Google App Engine

Modeling Entity Relationships

Rafe Kaplan, Software Engineer
June 2008

This is one of a series of in-depth articles discussing App Engine's datastore. To see the other articles in the series, see Related links.

Sure, the Getting Started Guide tells you what you need to know in order to fill properties for a simple App Engine model, but it's going to take more than that if you want to be able to represent real world concepts in the datastore. Whether you are new to web application development, or are used to working with SQL databases, this article is for those people who are ready to take a step into the next dimension of App Engine data representation.

Why would I need entity relationships?

Imagine you are building a snazzy new web application that includes an address book where users can store their contacts. For each contact the user stores, you want to capture the contact's name, birthday (which they mustn't forget!), address, telephone number, and company they work for.

When the user wants to add an address, they enter the information in to a form and the form saves the information in a model that looks something like this:

class Contact(db.Model):

    # Basic info.
    name = db.StringProperty()
    birth_day = db.DateProperty()

    # Address info.
    address = db.PostalAddressProperty()

    # Phone info.
    phone_number = db.PhoneNumberProperty()

    # Company info.
    company_title = db.StringProperty()
    company_name = db.StringProperty()
    company_description = db.StringProperty()
    company_address = db.PostalAddressProperty()

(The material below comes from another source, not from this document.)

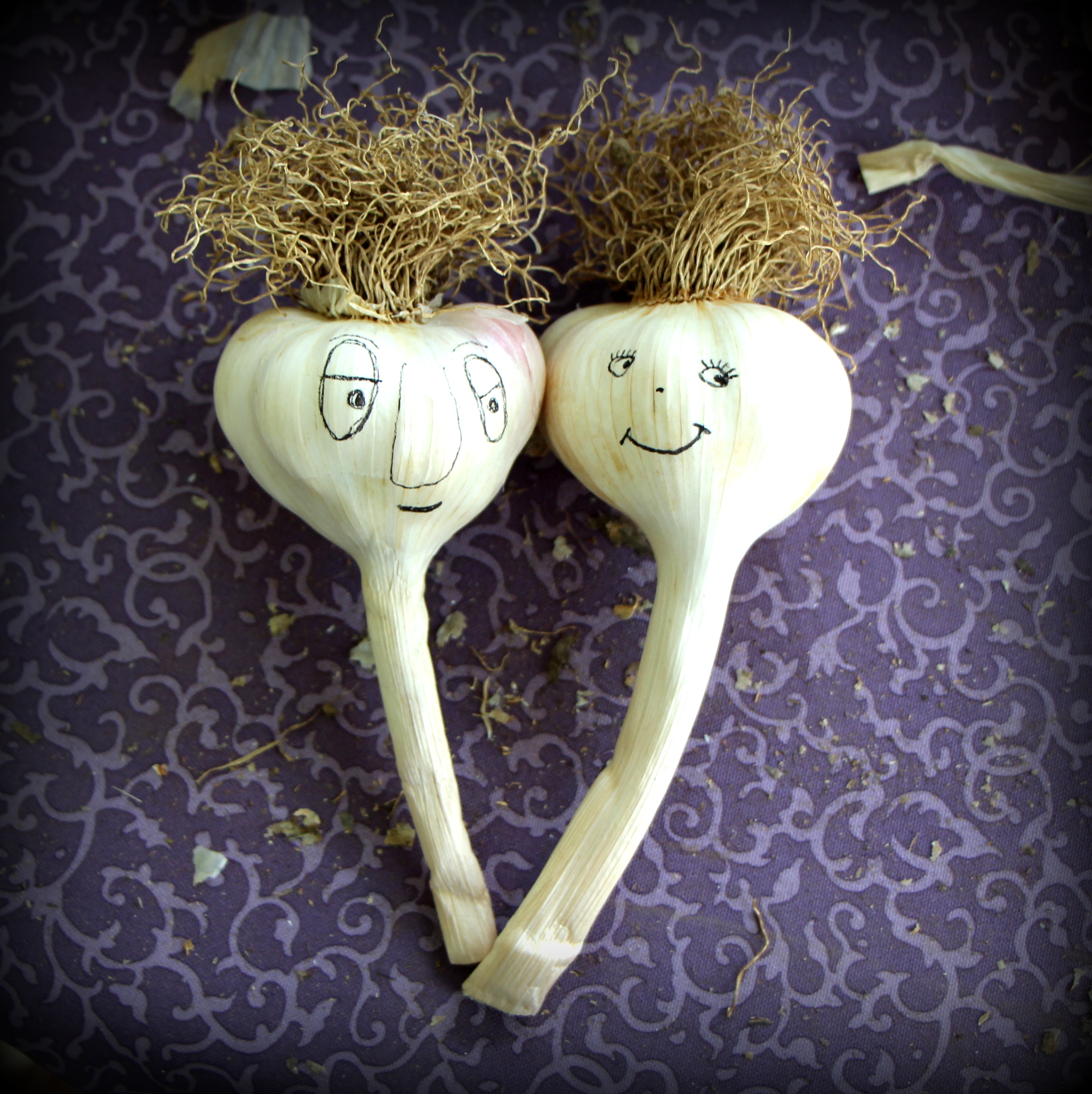 While cleaning and braiding garlic yesterday, we couldn’t resist having a little fun. I never knew garlic could have so much character 🙂

That's great, your users immediately begin to use their address book and soon the datastore starts to fill up. Not long after the deployment of your new application you hear from someone that they are not happy that there is only one phone number. What if they want to store someone's work telephone number in addition to their home number? No problem you think, you can just add a work phone number to your structure. You change your data structure to look more like this:

  # Phone info.
  phone_number = db.PhoneNumberProperty()
  work_phone_number = db.PhoneNumberProperty()

Update the form with the new field and you are back in business. Soon after redeploying your application, you get a number of new complaints. When they see the new phone number field, people start asking for even more fields. Some people want a fax number field, others want a mobile field. Some people even want more than one mobile field (boy modern life sure is hectic)! You could add another field for fax, and another for mobile, maybe two. What about if people have three mobile phones? What if they have ten? What if someone invents a phone for a place you've never thought of?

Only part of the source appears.